Abstract:
A patterned tape attached to a semiconductor chip in a chip scale package enhances process reliability in manufacturing of the chip scale package. A shape of the beam leads concentrates stresses in the part of the beam lead where the beam lead should be disconnected during the bonding of the beam leads to the chip bonding pads, and therefore, the part to be expected to be disconnected disconnects without damaging other parts of the beam lead. In addition, the reliability of a chip scale package is enhanced, because the beam lead attached to the chip bonding pad has little chance of being damaged during bonding.

Description:
BACKGROUND OF THE INVENTION 
     1. Field of the Invention 
     The present invention relates to semiconductor chip packages, and more particularly to chip scale packages and tape for chip scale packages. 
     2. Description of the Related Art 
     In one exemplary assembly process, semiconductor chip packages are assembled through several processes. A semiconductor chip including a bonding pad is initially bonded on the surface of a die pad of a lead frame using an adhesive material. Inner leads of the lead frame are then electrically connected to the bonding pad of the semiconductor chip using a conductive wire. Thereafter, a portion including the semiconductor chip and the inner leads of the lead frame is encapsulated with a molding resin. The package is then subjected to a trimming and forming process and a plating process. 
     The conventional assembly process for semiconductor chip packages has a disadvantage in that the outer leads of the semiconductor chip package must be shaped for mounting on a printed circuit board (PCB). For example, the process forms the outer lead in a shape such as a gull wing shape or a J bend shape. Additionally, the package enclosing the semiconductor chip and a mounting member to be mounted on the PCB is larger than the semiconductor chip, and the outer leads of the semiconductor chip package are exposed. Accordingly, assembly of thinner and high density semiconductor chip packages is difficult. 
     Miniaturization of electronic equipments demands smaller semiconductor packages. However, a conventional plastic package, which includes a semiconductor chip and a lead frame in a molded body cannot be smaller than the semiconductor chip in the package. Further, the outer leads protruding from the molded body to be connected to a circuitboard make the conventional package even larger. To overcome the problems of conventional plastic packages, many kinds of new packages have been developed and introduced in electronic industry. Among them are a group of chip scale packages (CSPs), the sizes of which are almost the same as the semiconductor chips contained in the packages. 

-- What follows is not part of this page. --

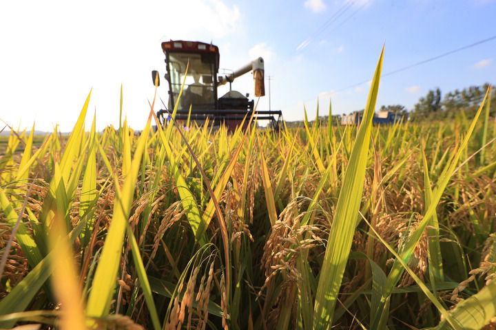 2025年10月16日,在江苏省连云港市赣榆区城头镇中青墩村,种植户驾驶收割机抢收水稻。新华社发(司伟 摄)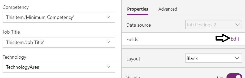 - Now, select the Gallery Control and in the properties panel, for “Fields”, click on Edit and map the labels with desired columns from the datasource.

     The structure of a conventional chip scale package will be briefly described hereinafter. 
     FIG. 1 is a top view of a patterned tape 10 which is bonded to the active surface of a semiconductor chip when forming a chip scale package. FIG. 2 is a schematic cross sectional view of a chip scale package including patterned tape 10. 
     As shown in FIG. 2, the chip scale package includes a semiconductor chip 1, a patterned tape 10, an adhesive layer 2 and solder balls 9. Patterned tape 10 is fabricated by laminating a copper film to a polyimide base film 6, and etching the copper film to form a pattern including beam leads 4, soldering pads 5 and conductor 7. In addition, as shown in FIG. 1, several windows (or slots) 8 in the patterned tape 10 allows bonding of beam leads 4 to chip bonding pads 3 of semiconductor chip 1. Beam leads 4 are typically plated with gold-nickel alloy. Polyimide base film 6 is also removed at soldering pads 5, where solder balls 9 attach. Solder balls 9 are tantamount to the outer leads of a conventional plastic package. The reference numeral 12 in FIG.1 represents an outline of the chip scale package, which is almost equivalent to the outline of semiconductor chip 1. 

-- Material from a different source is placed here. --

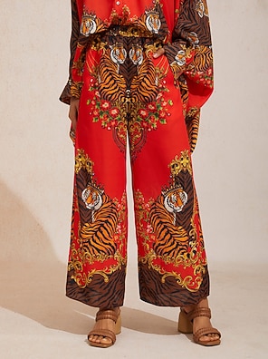 Calça de pernas largas e fluida em chiffon na cor Scarlet Tigress, com cintura elástica.

     The manufacturing process of the chip scale package is briefly described hereinafter. First, patterned tape 10 is aligned above semiconductor chip 1, with each beam lead 4 being aligned over each corresponding chip bonding pad 3 of the semiconductor chip 1. After proper alignment, the patterned tape 10 is attached to the semiconductor chip 1 using an adhesive material 2 that includes an elastomer. 
     Thereafter, a heated capillary (not shown) presses each beam lead 4 from above to connect each beam lead 4 to a corresponding chip bonding pad. A sealing process applies sealing resin to the window of patterned tape 10 so that beam leads 4 and the active surface of semiconductor chip 1 exposed through windows 8 are encapsulated. 
     Then, solder balls 9 are positioned on soldering pads 5, and are connected to soldering pads 5 by a reflow process. Finally, patterned tape 10 is cut along line 12 to produce an individual chip scale package. 
     Beam leads 4, which connect to chip bonding pads 3 of semiconductor chip 1, are further described hereinafter. 
     FIG. 3 is a close-up view of portion A of FIG. 1. As shown in FIG.3, each beam lead 4 has a uniform width. Beam lead 4 exposed through the window 8 can be divided into three parts for the purpose of better understanding of the chip scale packages. The inner part of beam lead 4 which is close to conductor 7, the central part of beam lead 4, and the outer part of beam lead 4 which is close to the perimeter of the semiconductor chip are designated 4a, 4b and 4c, respectively. 
     In the bonding of each beam lead 4 to the corresponding chip bonding pad 3 pushes beam lead 4 downward. This applies mechanical stresses to beam leads 4. During this bonding process, outer part 4c of beam lead 4 must be disconnected to prevent any damage to the other parts of beam lead 4. However, when the width of beam lead 4 is uniform, the stresses are applied uniformly along the beam lead 4, and these stresses can severely damage cental part 4b and inner part 4a before outer part 4c is cut. Therefore, a method, that promotes the disconnection of outer part 4c of beam lead 4 without damaging the other parts of the beam lead 4 is desired. 
     SUMMARY OF THE INVENTION 
     It is therefore an object of the present invention to provide a chip scale package with a tape that improves the reliability of the process of manufacturing the chip scale package. The tape enables the beam lead to break at the point where the beam lead should disconnect. The weak portion of the beam lead breaks without damaging the other parts of the beam lead. 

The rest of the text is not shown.